The discovery of isotopes required a minor change in Dalton’s atomic theory. Dalton thought that all atoms of the same element were exactly the same.

Most elements exist as mixtures of isotopes. In fact, there are currently over 3,500 isotopes known for all the elements. When scientists discuss individual isotopes, they need an efficient way to specify the number of neutrons in any particular nucleus. The mass number of an atom is the sum of the numbers of protons and neutrons in the nucleus. Given the mass number for a nucleus (and knowing the atomic number of that particular atom), you can determine the number of neutrons by subtracting the atomic number from the mass number.

A simple way of indicating the mass number of a particular isotope is to list it as a superscript on the left side of an element’s symbol. Atomic numbers are often listed as a subscript on the left side of an element’s symbol. Thus, we might see

$\mathrm{^{mass\: number\xrightarrow{\hspace{45px}} 56}_{atomic\: number \xrightarrow{\hspace{35px}} 26}Fe} \label{Eq1}$

which indicates a particular isotope of iron. The 26 is the atomic number (which is the same for all iron atoms), while the 56 is the mass number of the isotope. To determine the number of neutrons in this isotope, we subtract 26 from 56: 56 − 26 = 30, so there are 30 neutrons in this atom.

Example $$\PageIndex{3}$$

How many protons and neutrons are in each atom?

1. $$\mathrm{^{35}_{17}Cl}$$
2. $$\mathrm{^{127}_{53}I}$$

SOLUTION

1. In $$\mathrm{^{35}_{17}Cl}$$ there are 17 protons, and 35 − 17 = 18 neutrons in each nucleus.
2. In $$\mathrm{^{127}_{53}I}$$ there are 53 protons, and 127 − 53 = 74 neutrons in each nucleus.

Exercise $$\PageIndex{3}$$

How many protons and neutrons are in each atom?

1. $$\mathrm{^{197}_{79}Au}$$
2. $$\mathrm{^{23}_{11}Na}$$

It is not absolutely necessary to indicate the atomic number as a subscript because each element has its own unique atomic number. Many isotopes are indicated with a superscript only, such as 13C or 235U. You may also see isotopes represented in print as, for example, carbon-13 or uranium-235.
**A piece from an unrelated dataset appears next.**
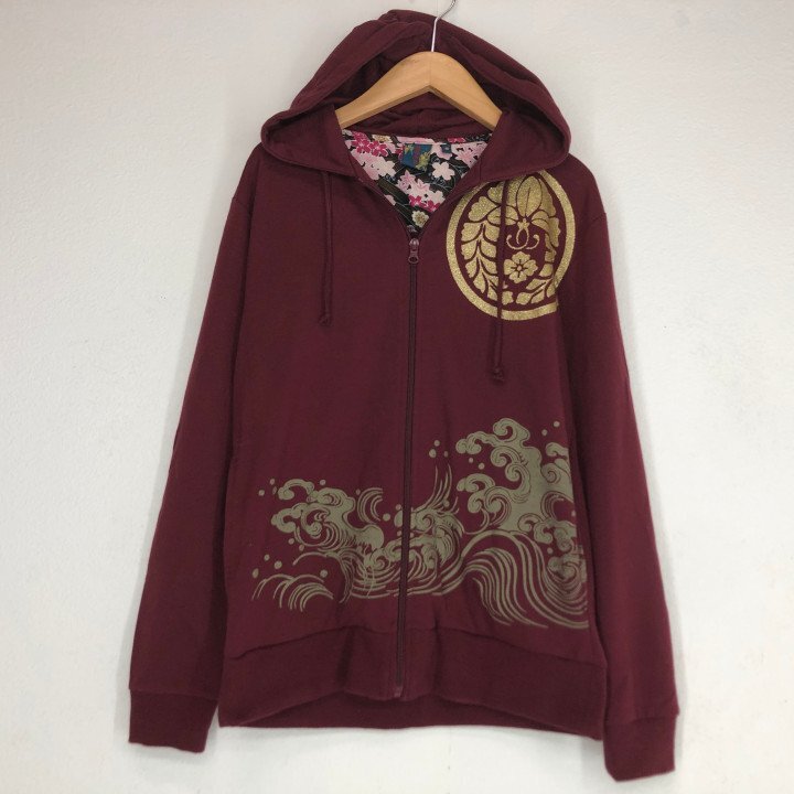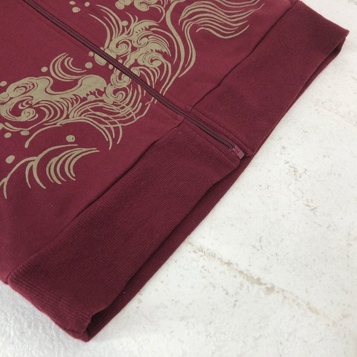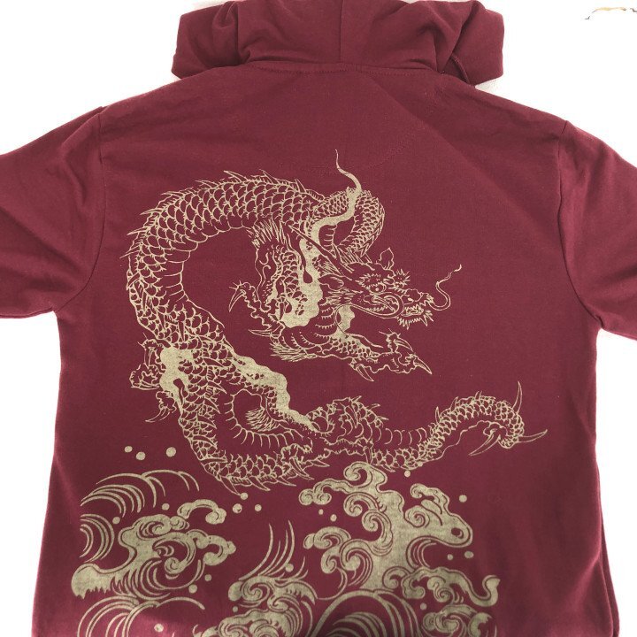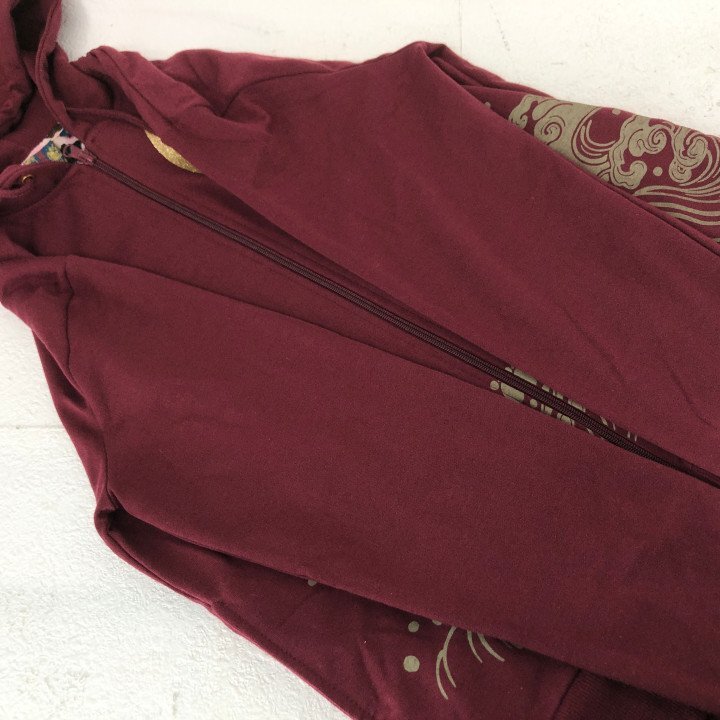 阿羅守鼓 アラスコ 長袖 ドラゴン 龍 和柄プリント ジップアップ フーディーパーカー SIZE: M ワインレッド LH632025080902 | |

### Concept Review Exercises

1. Why is the atomic number so important to the identity of an atom?
2. What is the relationship between the number of protons and the number of electrons in an atom?
3. How do isotopes of an element differ from each other?
4. What is the mass number of an element?

1. The atomic number defines the identity of an element.
2. In an electrically neutral atom, the number of protons equals the number of electrons.
3. Isotopes have different numbers of neutrons in their nuclei.
4. The mass number is the sum of the numbers of protons and neutrons in the nucleus of an atom.

### Key Takeaways

• Elements can be identified by their atomic number and mass number.
• Isotopes are atoms of the same element that have different masses.